The invention relates to railway bogies, and more particularly, but not exclusively to a self-steering bogie for a locomotive. In accordance with the invention there is provided a self-steering railway bogie (1) comprising leading and trailing wheelset (2.4) having two ends (3,5) and a frame for limiting the movement of the wheelset ends. The bogie is provided with a number of fluid cylinders (7) attached between the wheelset ends and the frame, and fluid flow means (8) between the cylinders allowing wheelsets to yaw inversely relative to each other and restricting other relative movement of the wheelsets.

Description

FIELD OF THE INVENTION

This invention relates to railway bogies, and more particularly, but not exclusively to a self-steering bogie for a locomotive.

BACKGROUND TO THE INVENTION

It is generally accepted that the direct cost of maintaining wheels on a bogie can be between 25% and 40% of total bogie maintenance cost. A great deal of time and effort is expended all over the world in developing bogies with lower track forces and smaller incidence angles between the wheels and track and thus less track and wheel wear. On locomotives, wagons and coaches wheel wear amounts to up to 40% of the life cycle cost per vehicle alone and is even more significant if the total operational cost of energy, infrastructure, equipment utilization and capital cost is considered.

Self steering bogies are known in the art. The technology in its simplest form has been used on freight and coach bogies for many years and is described in U.S. Pat. No. 4,067,261 in the name of Scheffel entitled “Damping Railway Vehicle Suspension”, the contents of which is incorporated herein in its entirety by way of reference. Self-steering usually involves so called “cross-anchor” members which connect diagonally opposing axleboxes on leading and trailing wheelsets with levers, rods or links. Several other patents, for example U.S. Pat. Nos. 4,067,261; 4,067,062; 4,735,149; 5,588,367 PCT/IB99/01890, PCT/IB99/01383 and WO 00/07864 to Scheffel, also U.S. Pat. No. 6,871,598 to Schaller et al. which describes the mechanics in bogies (trucks) and systems to achieve superior curving and stability performance.

Wheelsets with conical or profiled treads, which are allowed some yaw freedom, can align themselves radially on a curved track through a difference of rolling diameters on the inner and outer wheels of an axle to guide a railway vehicle around a curve. This is referred to in the art as “off flange” curving, as the wheelsets are substantially free to align themselves with the track and utilise the conicity of profiled treads and it is not necessary for a wheel flange to contact the track during curving. It is thus desirable for wheelsets to be constrained in the horizontal plane, longitudinally, whilst allowing a degree of relative wheelset yaw to enable self-steering. This is achieved by suspending the axleboxes, which house the journals of the wheelsets, with elastic constraint means or so called “shear blocks” to a bogie frame. Shear blocks allow a limited degree of movement of the wheelsets relative to the frame within the horizontal plane in all directions. It is further desired that a rail vehicle (wagon, coach or locomotive) negotiates tangent track at maximum allowable operating speed for the existing track conditions, in a stable running mode and negotiate curved track with the minimum of lateral creep forces. Because curved track amounts, on average, to 40% of a total journey length, good tracking on curved track is necessary. Good tracking leads to reduced wear and tear on all railway systems; overhead conductor, permanent way and rolling stock. Good tracking maximizes adhesion utilization both on curves and tangent track.

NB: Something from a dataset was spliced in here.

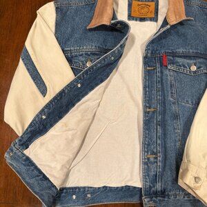 Blue denim body with cream sleeves

Off-flange curving bogies offer significant advantages over conventional bogies in that it facilitates wheelset yaw against a low stiffness value, constrains relative lateral movement of wheelsets or so called “inter axle shear stiffness” and also parallel wheel yaw or “parallelogramming”, which results in decreased “hunting” of the wheelsets, lower track and rail forces and thus a higher maximum speed, and increased service life of wheelsets.

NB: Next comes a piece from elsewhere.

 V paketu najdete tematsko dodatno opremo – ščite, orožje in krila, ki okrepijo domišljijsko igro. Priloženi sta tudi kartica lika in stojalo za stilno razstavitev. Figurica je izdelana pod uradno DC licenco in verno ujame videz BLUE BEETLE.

Though the cross-anchor configuration is suitable for bogies used on freight or trailer coach cars, motorised coach and locomotive bogies often have wheelsets which are individually driven by electric traction motors or elaborate brake systems. These traction motors or brake systems take up additional space on the bogie between wheelsets which makes it laborious to install cross-anchor members. It is especially difficult to install the cross-anchor members in the same horizontal plane as the axle boxes which is the most effective position. A similar problem is encountered with bogies having 3 axles.

The problem above has been addressed in various forms. One approach is disclosed in U.S. Pat. No. 5,588,367 in the name of Scheffel, generally referred to in the industry as the Frame-Mounted-Shear-Stiffener (FMSS), which discloses levers and links connecting wheelsets outboard of the space between wheels. This allows the space between the wheelsets to be used for traction and/or brake gear. A disadvantage of this approach is that the implementation thereof is a complex arrangement of levers and links for connecting wheelsets.

OBJECT OF THE INVENTION

It is an object of this invention to provide a self-steering railway bogie that, at least partially, alleviates some of the problems associated with the prior art and/or offers an alternative to conventional self-steering railway bogies.

SUMMARY OF THE INVENTION

In accordance with this invention there is provided a self-steering railway bogie comprising:

• • a leading wheelset having two ends;
  • a trailing wheelset having two ends;
  • a frame for limiting the movement of the wheelset ends;
  • a number of fluid cylinders attached between the wheelset ends and the frame; and
  • fluid flow means between the cylinders allowing wheelsets to yaw inversely relative to each other and restricting other relative movement of the wheelsets.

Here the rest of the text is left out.